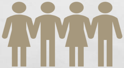
Community Engagement and Friendship Outreach
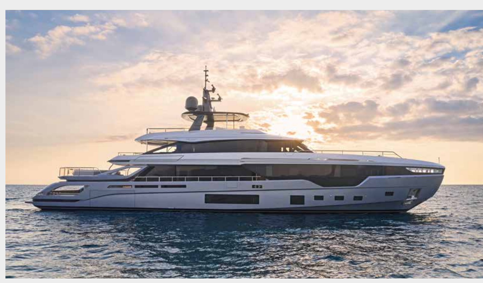
The Azimut Grande Trideck, the Italian builder's new 38m flagship, is among the largest world premieres at this year's Cannes Yachting Festival

X96 Triplex, Mangusta models include the 104 REV and GranSport 33 and Turkey's Numarine will debut its 37XP.
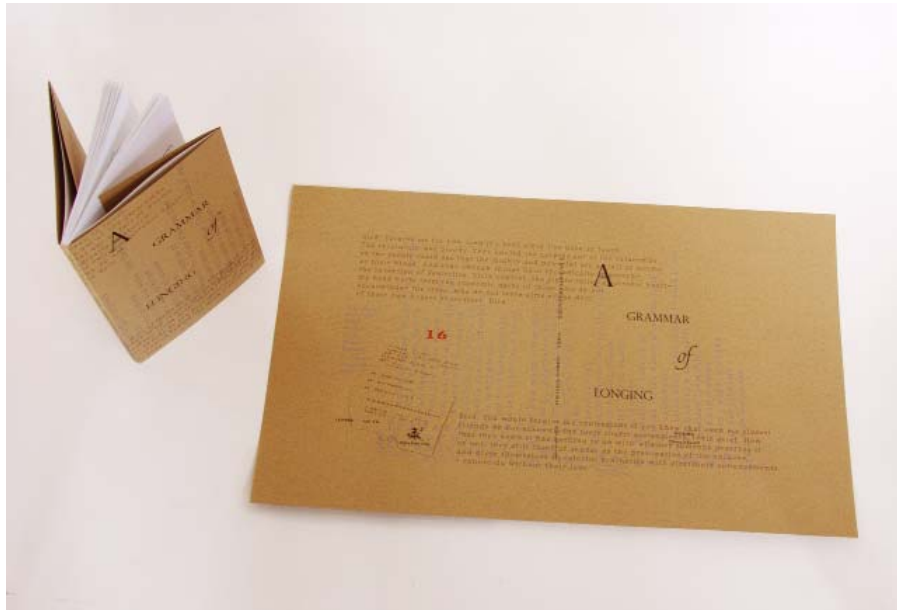
DUST JACKET & COMPANION BROADSIDE
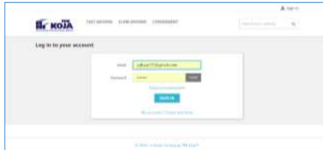
Figure 2. Front End Login Interface

Spare parts data categorized into 3 major groups as Fast Moving, Slow Moving and Consignment for the ease of use. After registered into the system thru login page (Figure.2), user may choose in which group is the spare part they would like to search. Registered user may login with their email and password, others must create new account registration and waiting for approval before starting to use this application.
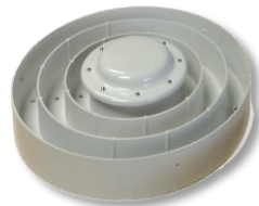
GNSS Choking Antenna
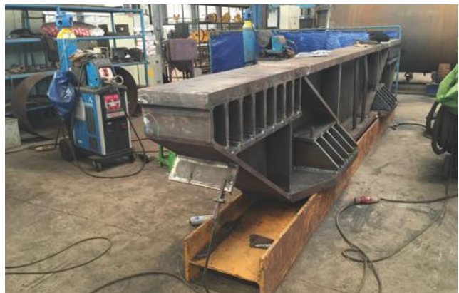
Steel platework and fabricated parts
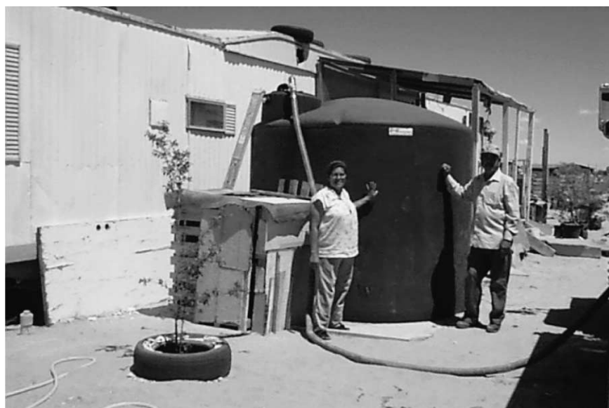
Figure 1 | 2500-gallon water storage tank provided in intervention.

Data were collected between September 1998 and December 1999 in four contiguous communities of El Paso County, Texas where a community-based organization had received funding to install 102 2,500-gallon water storage tanks. Data on water collection, use, and storage practices were gathered through face-to-face interviews. The research design called for data to be collected before installation of the large storage tanks (the intervention), one month after the intervention and nine months after the intervention.
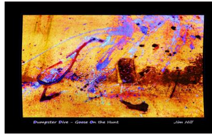
Above is a digitally manipulated photograph by Jim Hill "Goose on the Hunt 3a"
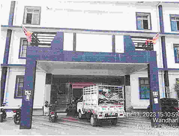
Apr 13, 2023 15:10:59 Wandhari Nagpur Division Maharashtra
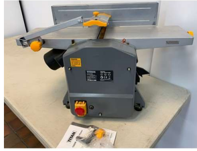
27. M - TITAN TTB579PLN 204MM ELECTRIC PLANER THICKNESSER 230V - COST NEW £189
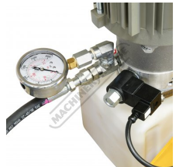
Hydraulic Pressure Gauge
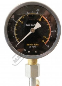
Metric / Imperial Pressure Gauge
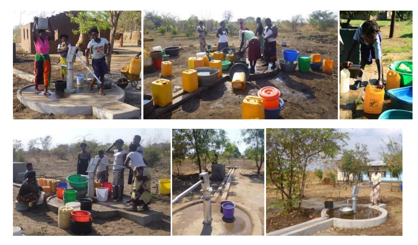
Settlements usually consist of extended families grouping together into small villages. The water requirements for a settlement like this can be provided for by a properly installed borehole – serving perhaps two to three hundred people. It only takes about a week to drill and install the borehole, and to transform lives forever.
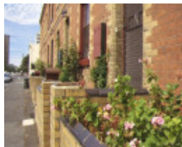
cambridge terrace drummond street carlton north entrance dec1998
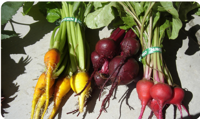
Vegetables can be bundled for distribution.

The pickup location would benefit from a sign telling shareholders how much of which produce they should take home. Shareholders could also trade produce with each other to cater to their personal taste. Youth Garden Project's CSA in Moab, Utah, allows shareholders to leave any produce they will not use in a designated basket, and others are able to take this produce if they wish when they pick up their shares. If you choose to offer pick up in bulk
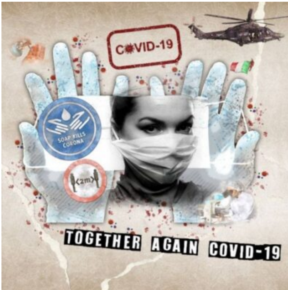
Page by Francine
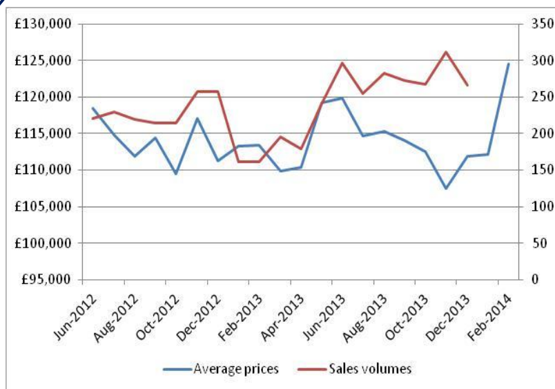
Figure 2: Change in house prices and sales volumes

In 2012/13, Newcastle Council made a total of 1,396 homeless decisions. Of these, 220 applicants were accepted as being homeless and in priority need (15.8%). The number accepted as being homeless equates to 1.77 per 1,000 households in the city – up from 1.71 in 2011/12 but down 1.94 in 2010/11.
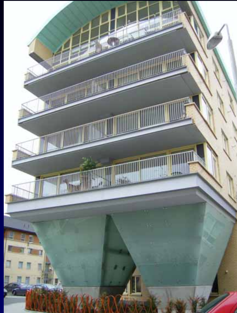
New Gorbals, Glasgow
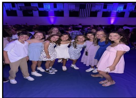
6 th graders pose for a quick picture at the MMS Decades Dance
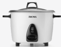
Pot-Style Rice Cookers
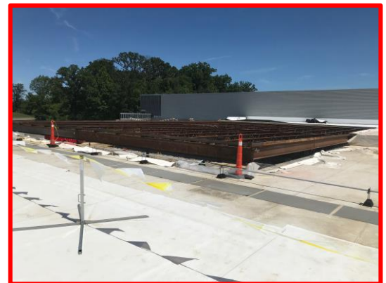
Picture 2: Erection of Structural Steel for the New Portion of the High Roof in Area G
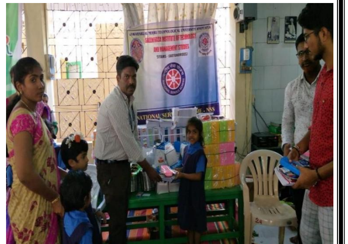
Student Kit Distribution to Poor Students who are studying in Govt. Schools in around Chittoor(19-08-2019)
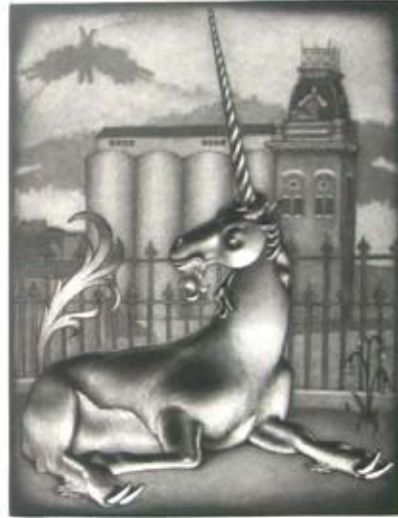
Greg Harrison, Das Einhorn and La Licorne , 2007 Mezzotint engraving, 39 x 53 cm Courtesy and © the artist
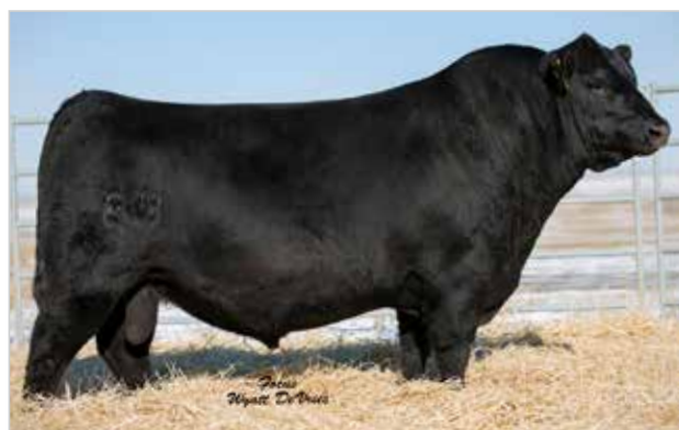
Sire of Lots 1-2 - BUBS Southern Charm AA31
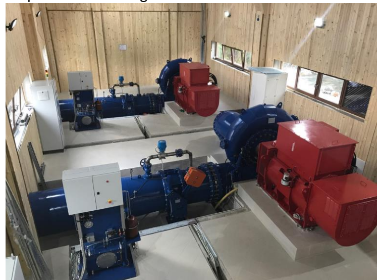
Hydropower plant developed with Vaptech technology and systems
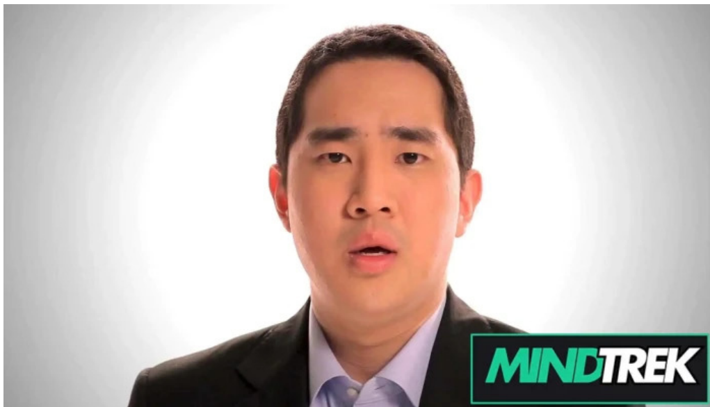
Mnp debt licensed insolvency trustees bankruptcy consumer proposals by owner
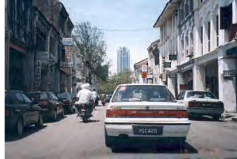
MALAYSIAN SHOP HOUSES AND STREET

There are of course traditions of masonry construction in other parts of Asia that would have influenced the locals. However, these do not seem to have been common and it may have been that the unstable soils and the high rainfall in the region that makes masonry more difficult to construct, militated against that form of construction.
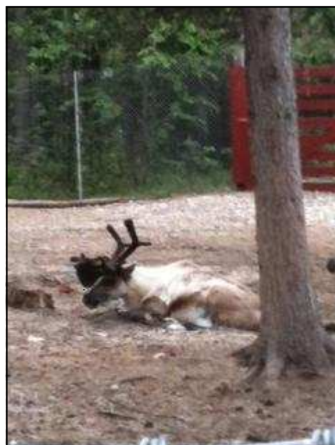
Even Reindeer get vacation

Did you know there really is a North Pole AK and Santa and his reindeer do live here? Check out the picture of Rudolph on vacation.
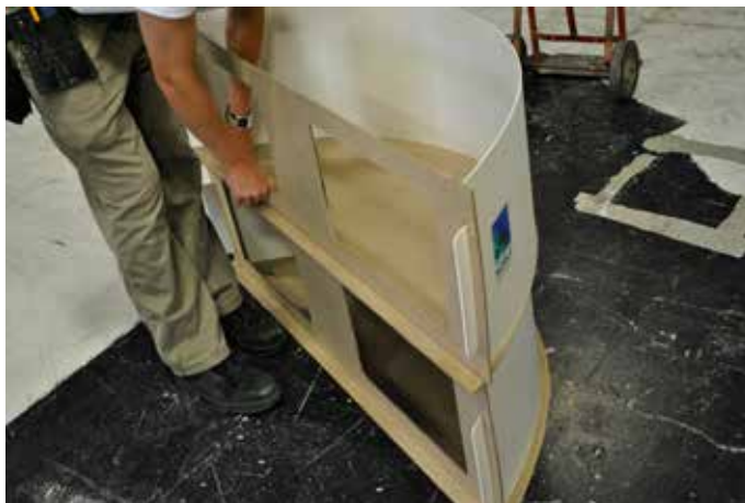
4. Place second module on top of "1" shelf, aligning with channel.
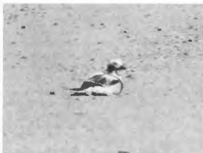
Oldsquaw, Santa Maria River mouth, San Luis Obispo Co., Calif., May 11, 1980.
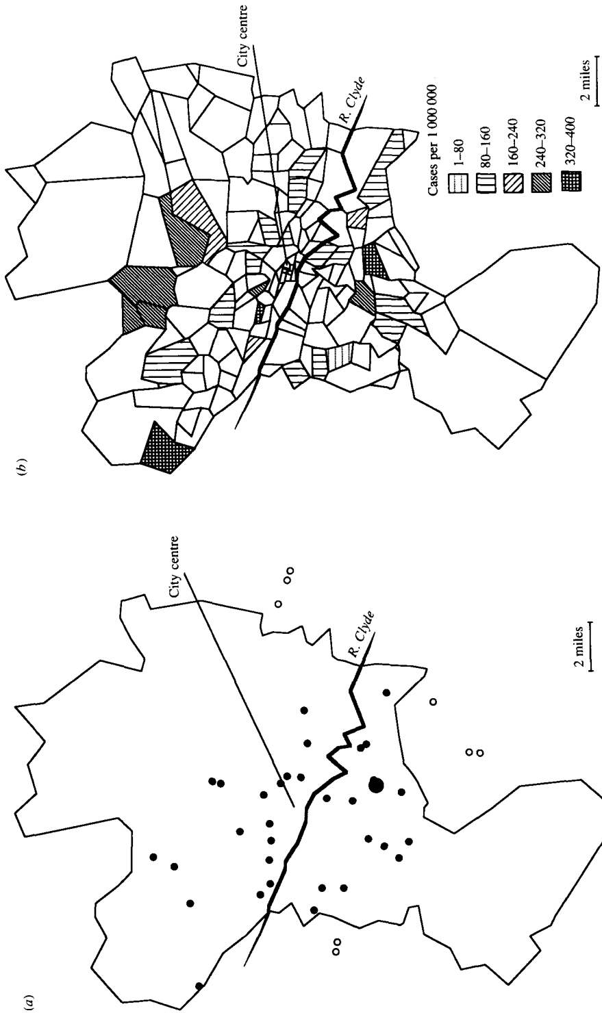
Fig. 3. (a) Travel-related Legionnaires' disease in GGHB and surroundings 1978-86. (b) Travel-related Legionnaires' disease in GGHB 1978-86, rates per million by postcode sector.
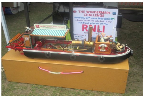
Yes it is steam powered
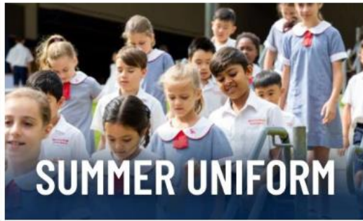
Sherwood Ridge Summer Uniform
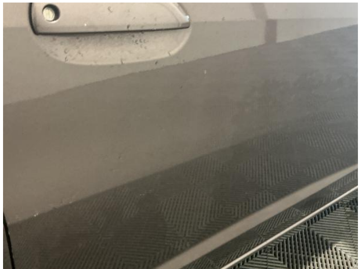
12: Door osf Chipped Multiple Chips
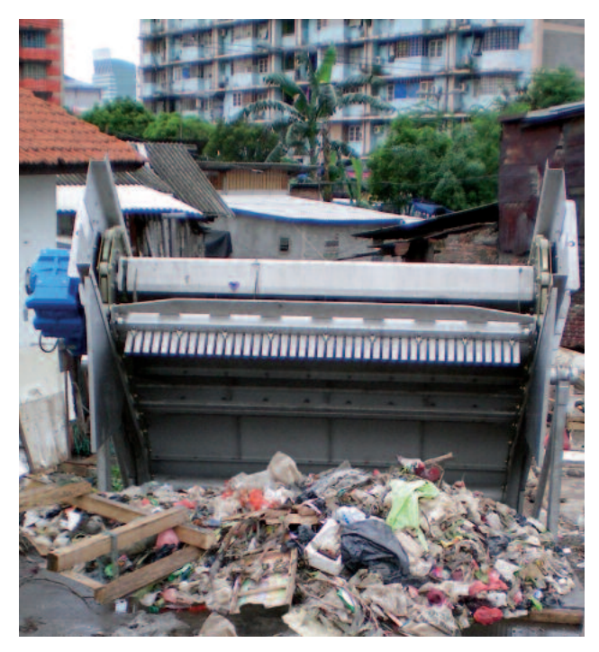
Free screenings discharge without blockage
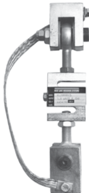
Module with RL20000 S-Beam load cell. Refer to page 115 for load cell specifications.

The ITCM Series utilizes several Rice Lake Weighing Systems components to provide an unmatched level of performance in tank and hopper weighing applications and mechanical scale conversions. The ITCM incorporates clevis and unique rod-end ball joint assemblies to reduce the overall length to less than half of the traditional tension cell mounts, while providing correct load alignment. In addition, the load cell is completely electrically isolated from stray currents, which are a major cause of load cell failure. To complete the design, a grounding strap connects the two clevis assemblies to further provide safety to your load cells.
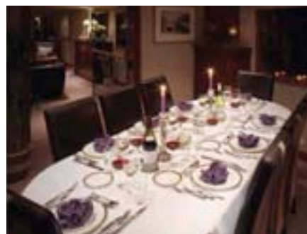
Formal dining aboard 'Prospérité'

Meet at the Paris hotel chosen by the charter group and transfer via chauffeur-driven Mercedes minivan to 'Prospérité,' moored at Dijon. A champagne reception awaits, with time to relax before a first gourmet dinner on board.
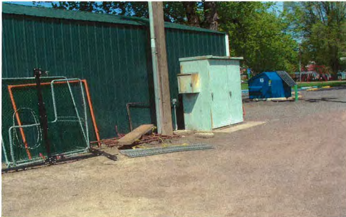
Side of building
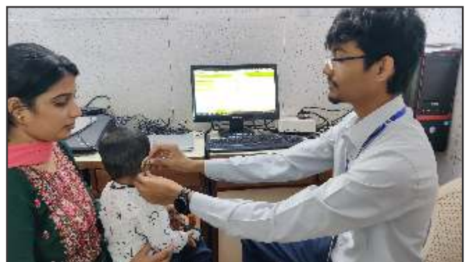
Paediatric Hearing Aid Trial
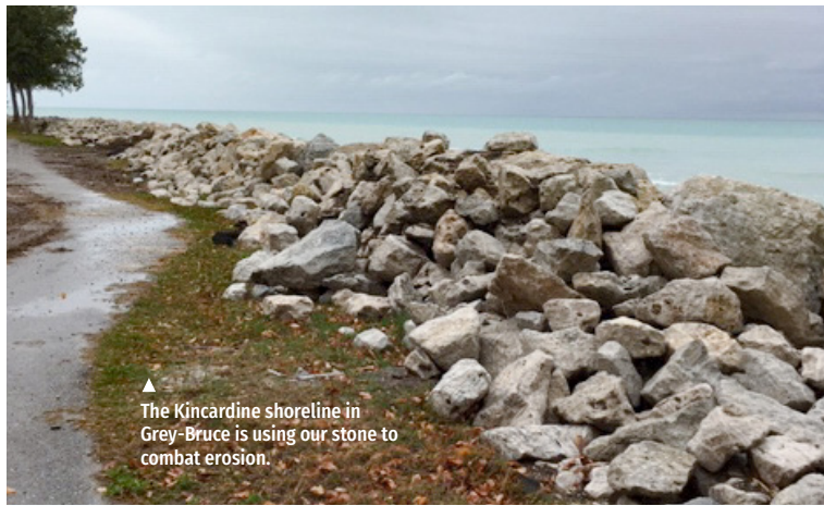
▲ The Kincardine shoreline in Grey-Bruce is using our stone to combat erosion.
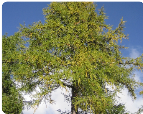
Phénoclim › Color change › Approximately 10% of leaves are beginning to yellow or have fallen off (the rest are green).
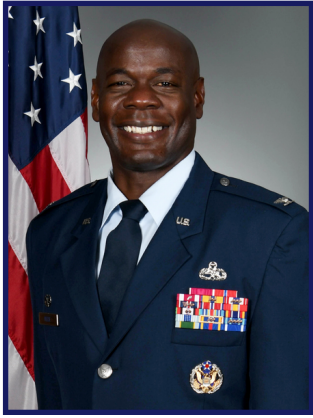
COL DEEDRICK REESE Commander, Installation & 78th Air Base Wing
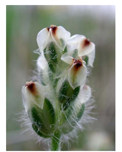
California Dwarf Plantain Plantago erecta Native Annual Plantain Family
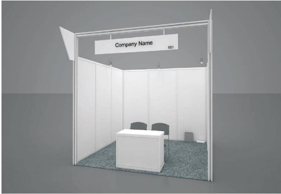
Design – 1: EUR 40/m 2
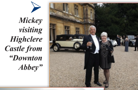
▶ Mickey visiting Highclere Castle from "Downton Abbey"
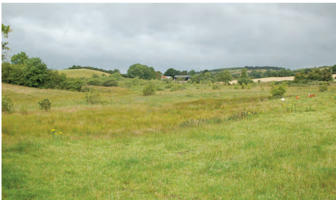
DSC 2130: P2 - Transition mire area with scattered birch trees on the western section of Corlea, semi-improved pasture in the foreground. View to west.
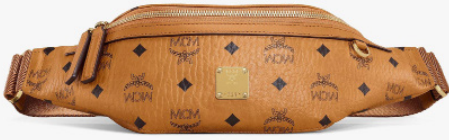
FURSTEN BELT BAG IN VISETOS (SMALL) THB 20,500
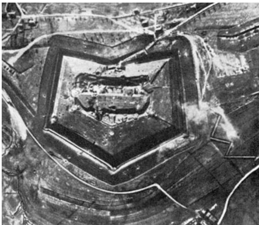
Figure 1. Fort Douaumont just before the battle [2]

The history of aerial reconnaissance goes back to the age of Napoleon. Contemporary balloons were used to survey the manoeuvres of enemy forces. The first aerial bombing took place just before the First World War during the Turkish – Italian war. In those days aircrafts were not really useful as a strike force, mainly because of their power and the lack of their appropriate arsenal. On the other hand, they were perfect to execute reconnaissance missions and to control artillery fire.
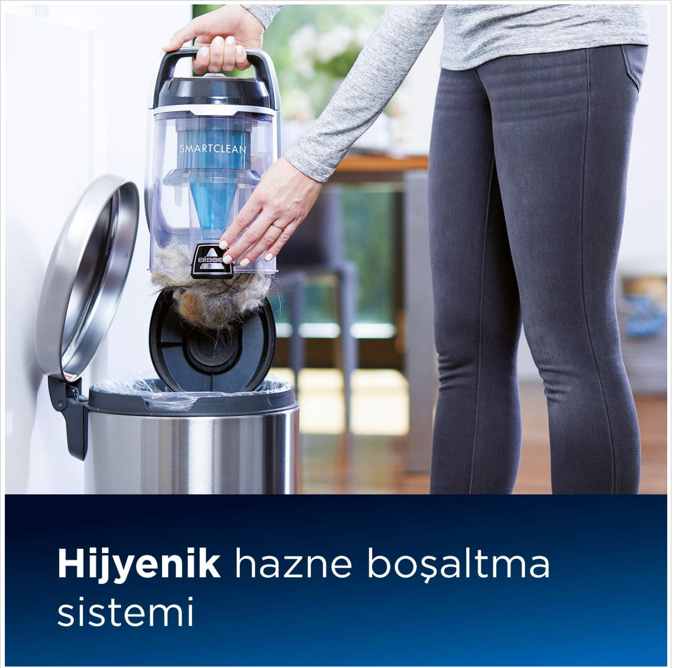
Figure 6: Hygienic emptying of the dustbin into a trash can.
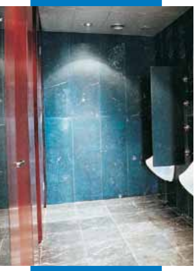
An example of an installation of marble walls with Keraquick - Feuchtwangen casinò bathroom (Germany)
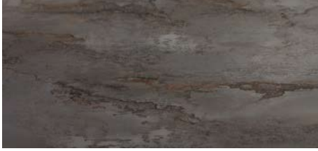
GRAY STONE D.STR.E.618
____________
What to produce => If a line in the data above holds the string "Prospérité", report that line.

Written solution =>
Formal dining aboard 'Prospérité'
Meet at the Paris hotel chosen by the charter group and transfer via chauffeur-driven Mercedes minivan to 'Prospérité,' moored at Dijon. A champagne reception awaits, with time to relax before a first gourmet dinner on board.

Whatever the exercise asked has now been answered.